Wholly retrospective, The Broken Sword is also as mythic
as fantasy gets. Were the book written
500 years ago, it would be part of the Western canon. Plot and outcome the focus, setting,
dialogue, and philosophical exposition are kept to the barest minimum telling
of the ill-fated mortal Skafloc, his evil twin, Valard, and their lives among
the elves and trolls of North Sea yesteryear.

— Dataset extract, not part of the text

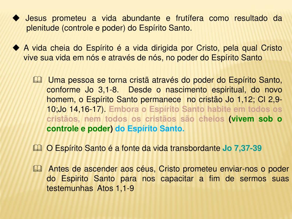 Jesus prometeu a vida abundante e frutífera como resultado da plenitude (controle e poder) do Espírito Santo. • A vida cheia do Espírito é a vida dirigida por Cristo, pela qual Cristo vive sua vida em nós e através de nós, no poder do Espírito Santo Uma pessoa se torna cristã através do poder do Espírito Santo, conforme Jo 3,1-8. Desde o nascimentoespiritual, do novo homem, o Espírito Santo permanece no cristão Jo 1,12; Cl 2,9-10;Jo 14,16-17).Embora o Espírito Santo habite em todos os cristãos, nem todos os cristãos são cheios (vivem sob o controle e poder) do Espírito Santo. O Espírito Santo é a fonte da vida transbordanteJo 7,37-39 Antes de ascender aos céus, Cristo prometeu enviar-nos o poder do Espirito Santo para nos capacitar a fim de sermos suas testemunhas Atos 1,1-9

Not the immortal angels of Tolkien, Anderson’s elves maintain the grace
yet act with impunity. For the most selfish
of reasons, they steal Skafloc from his mother the night he is born, replacing him
with the changeling born of an ugly troll, Valard. One raised by elves, the other humans, trolls,
and a witch, their paths to adulthood take two different routes. Their fate, however, lies in the same
place.
Both being works of epic fantasy published in the mid ‘50s;
both using Nordic myth as story foundation; both having trolls, elves, songs
and poetry, quests, broken swords, lost kingdoms, and epic battles, the comparison
of the The Broken Sword to Tolkien’s masterpiece The Lord of the Rings is
inevitable. One technically a comedy and
the other tragedy, there are, however, a far larger number of differences. Tolkien extrapolates heavily on Volsung
Saga and Poetic Edda until the resemblance is minimal. Anderson, however, tells a story whose blood
flows in the same veins as the two famous Nordic myths. Tolkien’s epic is divided into three lengthy
volumes, while Anderson tells his tale in a succinct 274 pages, not a detail amiss. And while Tolkien manipulates characters to
avoid confronting loss and tragedy, Anderson embraces the fates of the people
in his world, death happening early and often to any and all. Both are romances, but only Anderson’s ends
in tears.
The prose plucked from yesteryear, The Broken Sword’s grand,
effortless language is like stepping into the past to read of Achilles battling
Hector, or Beowulf, Grendel. Arcane in syntax
and style, readers who dislike “fancy” sentence structure should look
elsewhere. For those who revel in formal
yet keen description and dialogue, the book will be a real treat. Moreover, the distance Anderson maintains
from the characters allows the reader to view events with insouciance. Room for the imagination to color events as
it pleases, the author’s spare yet incisive style provides a certain degree of
freedom to better participate in the story while being guided effortlessly
forward.
In the end, The Broken Sword is a well crafted epic of
mythic proportions written in high-quality prose. Beowulf meets the Iliad, characters are
larger than life yet retain an innate connection to humanity so as to remain empathetic. Power, glory, hubris, the cycle of violence, honor,
love, and fate—the main staples of myth—are thus the major themes. As the classic tales of the Nords is the
source medium, a host of related works exist: Guy Gavriel Kay’s Last Light ofthe Sun, Nancy Farmer’s Sea of Trolls series, David Drake’s Northworld,
and Gene Wolfe's The Wizard Knight to name a few. But when it comes to style, readers will find
book has more in common with Lord Dunsany, William Morris, and E.R. Eddison. Fans of Moorcock’s Elric will find the seed
idea for Stormbringer while readers who think The Lord of the Rings pretentious
and bloated will enjoy Anderson’s Spartan prose and decisive movement of events. A well crafted story, The Broken Sword is
worthy of being a fantasy masterwork and defines dark fantasy.